Palestinian president Mahmoud Abbas to unveil unity government

The new administration being established under the agreement between Fatah and Hamas will end seven years of rivalry between the West Bank and the Gaza Strip factions.
Palestinian Hamas leader Khaled Mashaal, left, and Palestinian president Mahmoud Abbas during their meeting in Cairo. Office of Khaled Meshaal / AP Photo
Palestinian Hamas leader Khaled Mashaal, left, and Palestinian president Mahmoud Abbas during their meeting in Cairo. Office of Khaled Meshaal / AP Photo

GAZA CITY // Palestinian president Mahmoud Abbas is to unveil a unity government by on Thursday, ending seven years of rival administrations in the West Bank and Gaza Strip, an official said.

“We have finished consultations on the national consensus government,” Azzam Al Ahmed, an envoy from Abbas’s Fatah movement, said on Tuesday after talks in Gaza with its Hamas rulers.

“The announcement will come from the president in the next two days.”

The Palestine Liberation Organisation, which is dominated by Fatah, signed a surprise reconciliation deal with Hamas on April 23, giving the two sides five weeks to draw up an “independent government” of technocrats headed by Mr Abbas.

Prime minister Rami Hamdallah of the West Bank-based Palestinian Authority is to head the new government, an official said on Thursday.

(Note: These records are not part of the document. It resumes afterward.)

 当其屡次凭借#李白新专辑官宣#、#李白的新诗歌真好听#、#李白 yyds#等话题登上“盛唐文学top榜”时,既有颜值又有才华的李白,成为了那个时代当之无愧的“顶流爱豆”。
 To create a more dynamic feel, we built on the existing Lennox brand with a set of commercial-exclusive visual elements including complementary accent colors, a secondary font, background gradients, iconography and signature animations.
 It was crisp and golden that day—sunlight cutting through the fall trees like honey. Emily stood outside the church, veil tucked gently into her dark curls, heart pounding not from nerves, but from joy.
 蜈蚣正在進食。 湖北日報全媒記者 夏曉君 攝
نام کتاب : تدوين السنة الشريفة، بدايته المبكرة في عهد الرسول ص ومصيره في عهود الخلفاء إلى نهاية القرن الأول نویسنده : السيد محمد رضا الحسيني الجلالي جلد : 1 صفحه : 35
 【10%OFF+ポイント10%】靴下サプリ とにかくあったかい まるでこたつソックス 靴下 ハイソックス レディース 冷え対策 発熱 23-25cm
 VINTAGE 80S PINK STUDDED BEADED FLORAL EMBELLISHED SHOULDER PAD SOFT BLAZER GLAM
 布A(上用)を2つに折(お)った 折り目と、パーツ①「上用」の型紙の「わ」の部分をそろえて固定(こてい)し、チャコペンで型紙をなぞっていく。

Hamas, which has its own Gaza prime minister, Ismail Haniya, saying it had “no objection” to the decision.

Agreement on a unity government would pave the way for long-delayed presidential and parliamentary elections.

Hamas won a landslide victory in the last parliamentary polls, in 2006.

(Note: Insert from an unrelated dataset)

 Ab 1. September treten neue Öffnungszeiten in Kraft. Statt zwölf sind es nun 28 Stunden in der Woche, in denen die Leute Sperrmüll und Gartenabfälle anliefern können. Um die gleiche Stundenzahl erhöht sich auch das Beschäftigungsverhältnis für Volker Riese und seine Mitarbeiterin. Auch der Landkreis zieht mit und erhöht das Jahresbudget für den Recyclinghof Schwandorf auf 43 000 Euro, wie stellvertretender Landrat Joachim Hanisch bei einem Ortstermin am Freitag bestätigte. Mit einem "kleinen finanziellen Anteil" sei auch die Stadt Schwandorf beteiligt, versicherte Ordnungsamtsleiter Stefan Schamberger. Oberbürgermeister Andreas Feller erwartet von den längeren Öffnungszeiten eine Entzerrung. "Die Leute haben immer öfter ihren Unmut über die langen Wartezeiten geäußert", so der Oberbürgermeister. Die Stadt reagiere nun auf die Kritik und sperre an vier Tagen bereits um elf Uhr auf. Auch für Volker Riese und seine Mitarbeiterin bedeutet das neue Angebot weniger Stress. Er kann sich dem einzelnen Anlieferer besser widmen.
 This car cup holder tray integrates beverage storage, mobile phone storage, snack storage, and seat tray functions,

But the European Union and the United States have refused to have any dealings with the Islamist movement until it renounces violence and recognises Israel and past peace deals.

Representatives of the rival factions have held several rounds of talks to heal the bad blood since Hamas expelled Fatah from Gaza in deadly clashes in 2007.

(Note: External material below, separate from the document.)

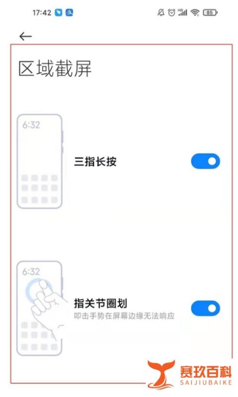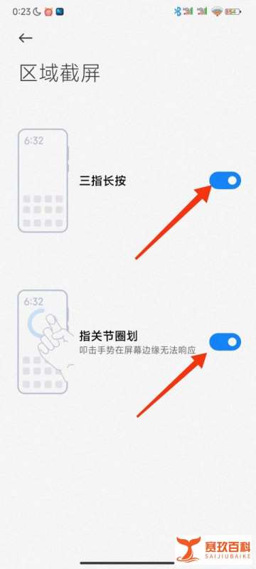 指关节圈划:用单指关节在屏幕上画圈,直接圈定需要截取的区域。(建议根据个人习惯选择,同时开启可提升操作灵活性。)
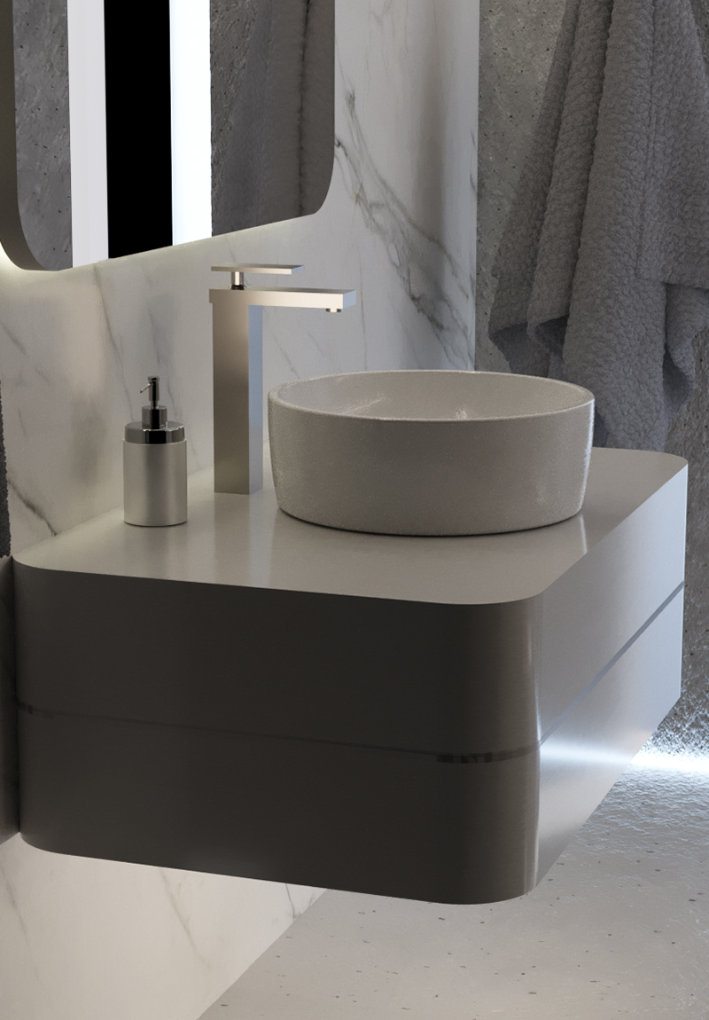 ●Acabados metálicos: Incorpora a tu lavabo grifos color plata y minimalistas en acero inoxidable cepillado que combinan resistencia y sofisticación.

The two sides signed reconciliation deals in Cairo in 2011 and Doha in 2012, but neither accord was implemented.

Hamas enjoyed Egypt’s support under president Mohammed Morsi of the Muslim Brotherhood, but has been under unprecedented pressure from Cairo since the army removed Mr Morsi in July and squeezed the besieged Strip, closing the Rafah border crossing and destroying tunnels used to bring in crucial supplies.

“Contacts are ongoing with Egypt over the Rafah crossing, and there will be steps to review this after the government is formed,” Mr Al Ahmed said.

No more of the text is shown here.